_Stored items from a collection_
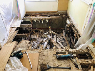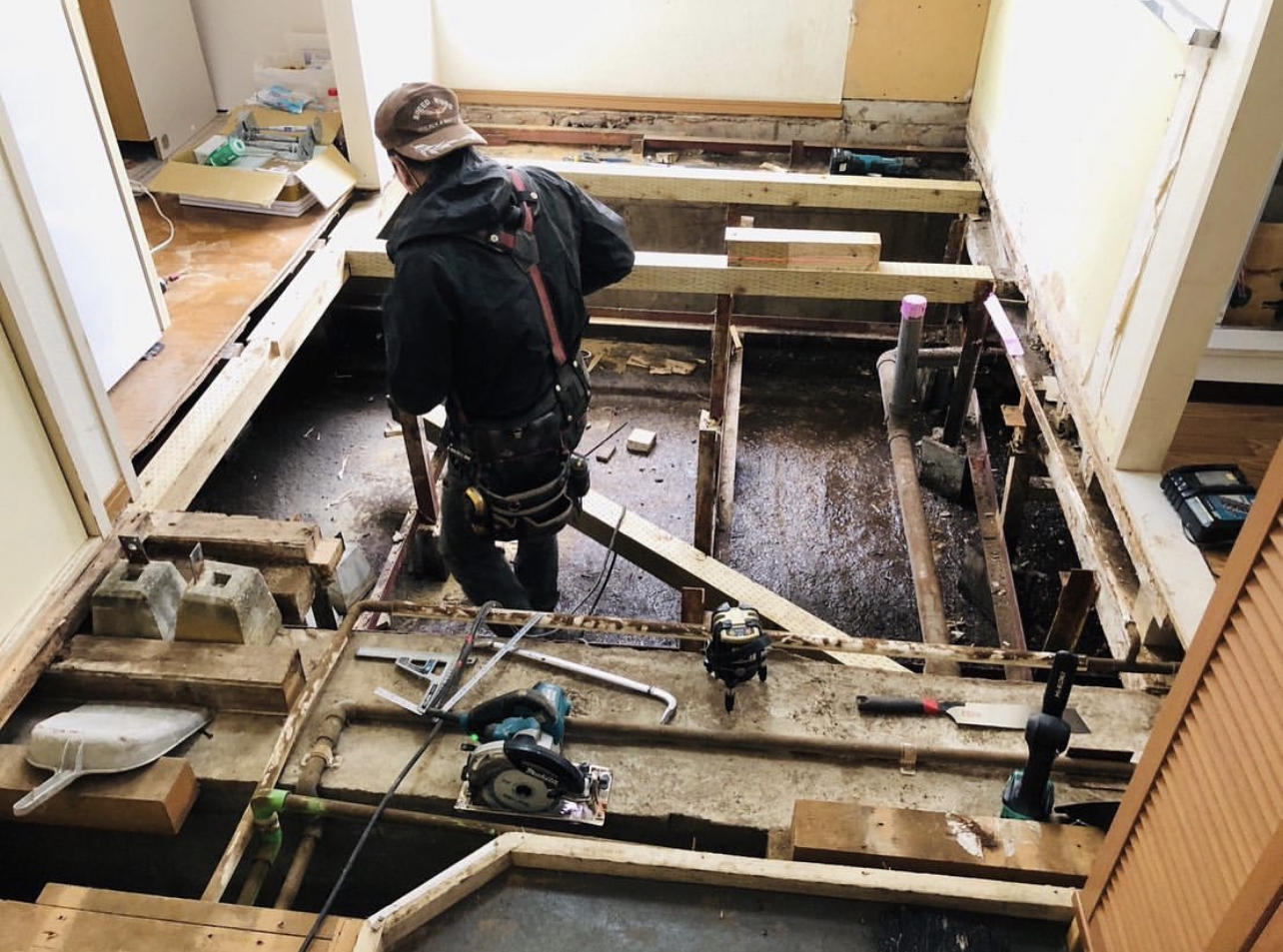 床板の下の骨組から、ダメだと感じ、全解体工事となりました。
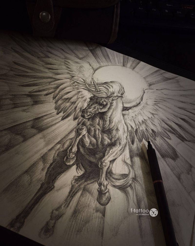 独角兽纹身图片_背部欧美写实新传统独角兽黑灰纹身图案
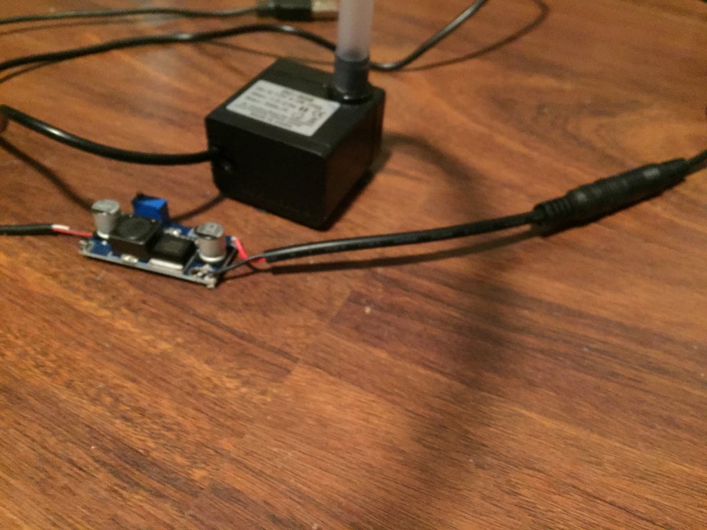 The pump comes with a standard plug with exposed wires at the end. Solder these wires to a boost converter as our default voltage of 5 volts won't cut it. We'll be using the booster to get 11vdc from our batteries. On the other side, solder a USB cable. Use the potentiometer to set the output voltage to about 11 volts. The pump is rate for 6v-12v, but I decided to stay safe with 11 and also not burden the boost converter too much as it has no extra heat sink. Test your electronics by connecting the pump and submerging it in water. It should be on.
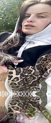 Mommy nearly got caught by amblers as she plays with her awesome tits whilst walking along the river in the spring sun
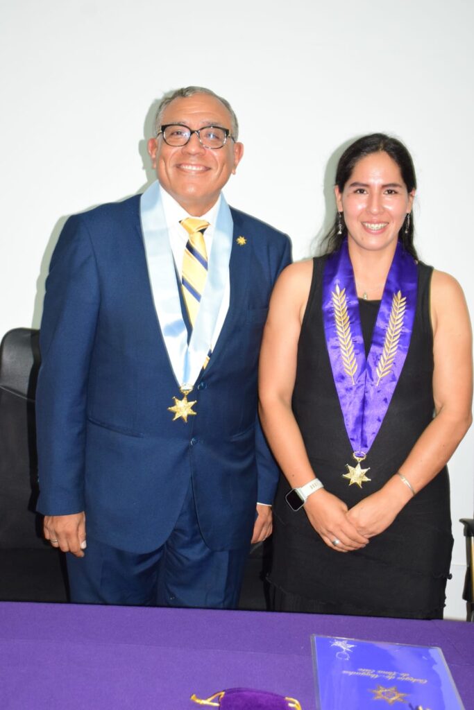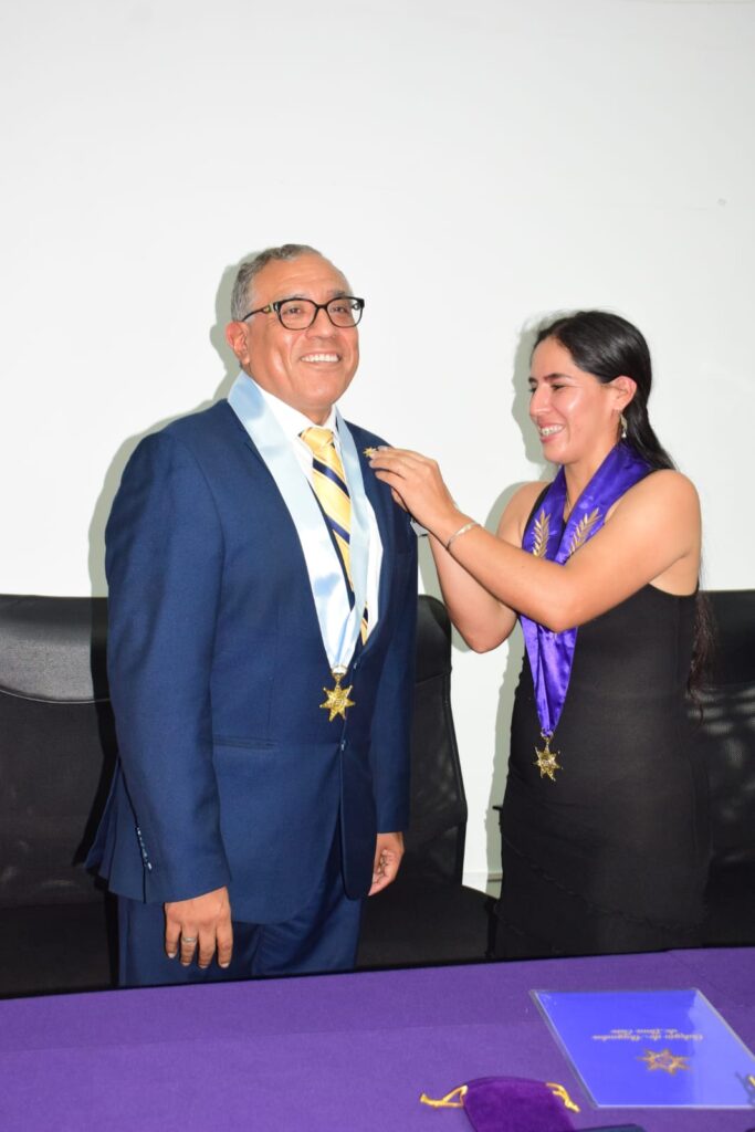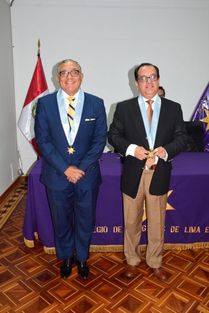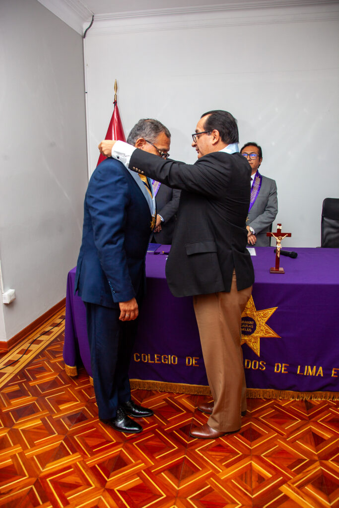 Durante la ceremonia protocolar, la imposición de la medalla de colegiado del CALE estuvo a cargo del Dr. Miguel Enrique Becerra Medina, Magistrado de la Corte Superior de Justicia de Lima Norte.
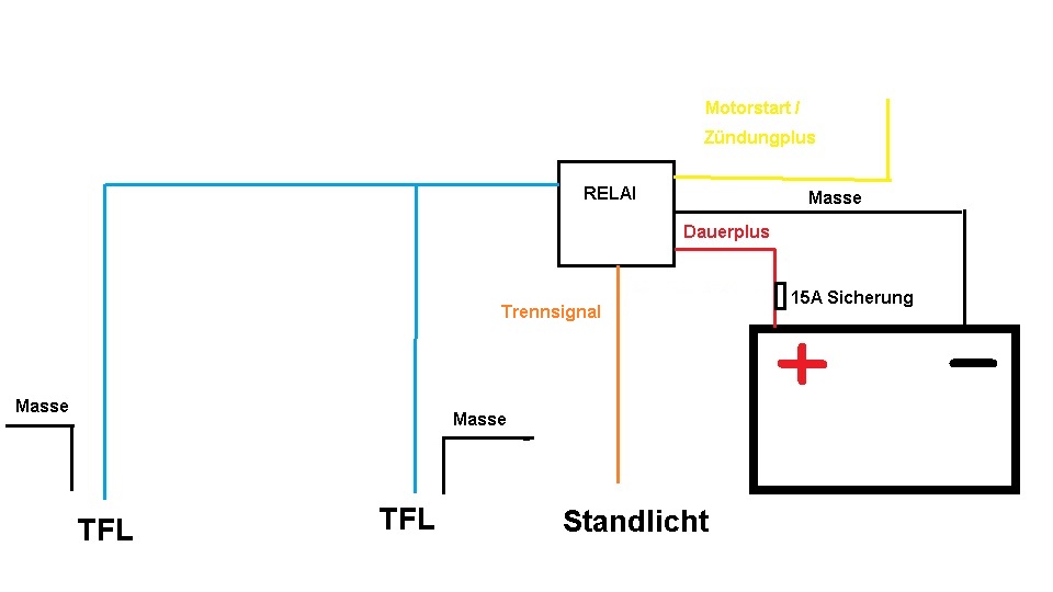 Ok, also du schaltest die TFL übers Relais an.
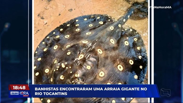 Uma arraia gigante chamou atenção de banhistas que estavam às margens do Rio Tocantins, nas imediações da ponte Dom Afonso Felipe Gregory, em Imperatriz. O animal foi visto nadando próximo à área onde várias pessoas tomavam banho.
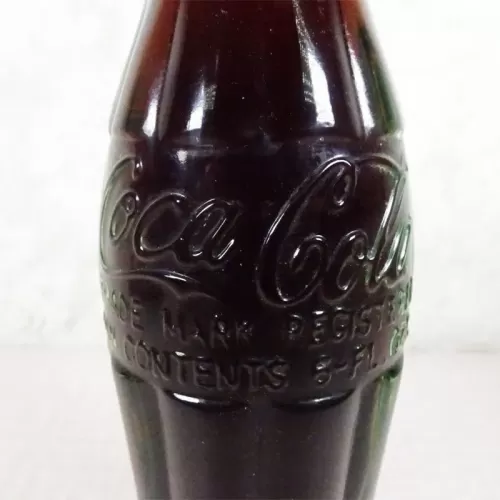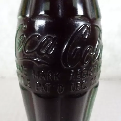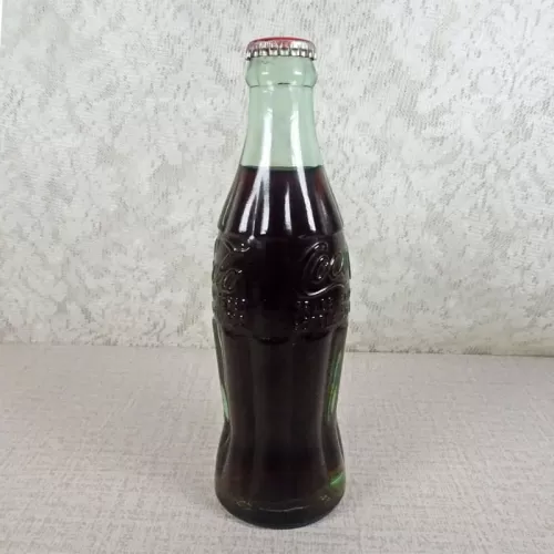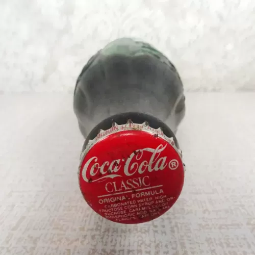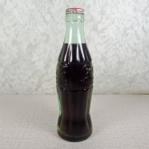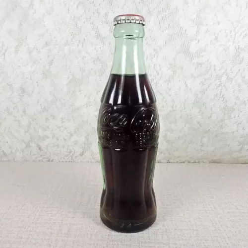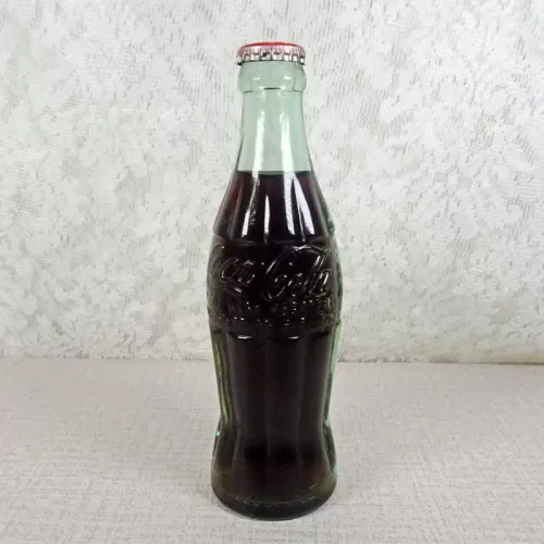 Coca Cola aqua green embossed vintage hobbleskirt glass soda bottle with a red Coca Cola Classic Original Formula crown sealed cap
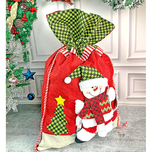 Snowman Green & Red Checks Christmas Sack for Christmas Gifts and Home Décor

_How to complete this task_
Would you write out each entry word for word and omit the images?

_Finished task_
 床板の下の骨組から、ダメだと感じ、全解体工事となりました。
 独角兽纹身图片_背部欧美写实新传统独角兽黑灰纹身图案
 The pump comes with a standard plug with exposed wires at the end. Solder these wires to a boost converter as our default voltage of 5 volts won't cut it. We'll be using the booster to get 11vdc from our batteries. On the other side, solder a USB cable. Use the potentiometer to set the output voltage to about 11 volts. The pump is rate for 6v-12v, but I decided to stay safe with 11 and also not burden the boost converter too much as it has no extra heat sink. Test your electronics by connecting the pump and submerging it in water. It should be on.
 Mommy nearly got caught by amblers as she plays with her awesome tits whilst walking along the river in the spring sun
 Durante la ceremonia protocolar, la imposición de la medalla de colegiado del CALE estuvo a cargo del Dr. Miguel Enrique Becerra Medina, Magistrado de la Corte Superior de Justicia de Lima Norte.
 Ok, also du schaltest die TFL übers Relais an.
 Uma arraia gigante chamou atenção de banhistas que estavam às margens do Rio Tocantins, nas imediações da ponte Dom Afonso Felipe Gregory, em Imperatriz. O animal foi visto nadando próximo à área onde várias pessoas tomavam banho.
 Coca Cola aqua green embossed vintage hobbleskirt glass soda bottle with a red Coca Cola Classic Original Formula crown sealed cap
 Snowman Green & Red Checks Christmas Sack for Christmas Gifts and Home Décor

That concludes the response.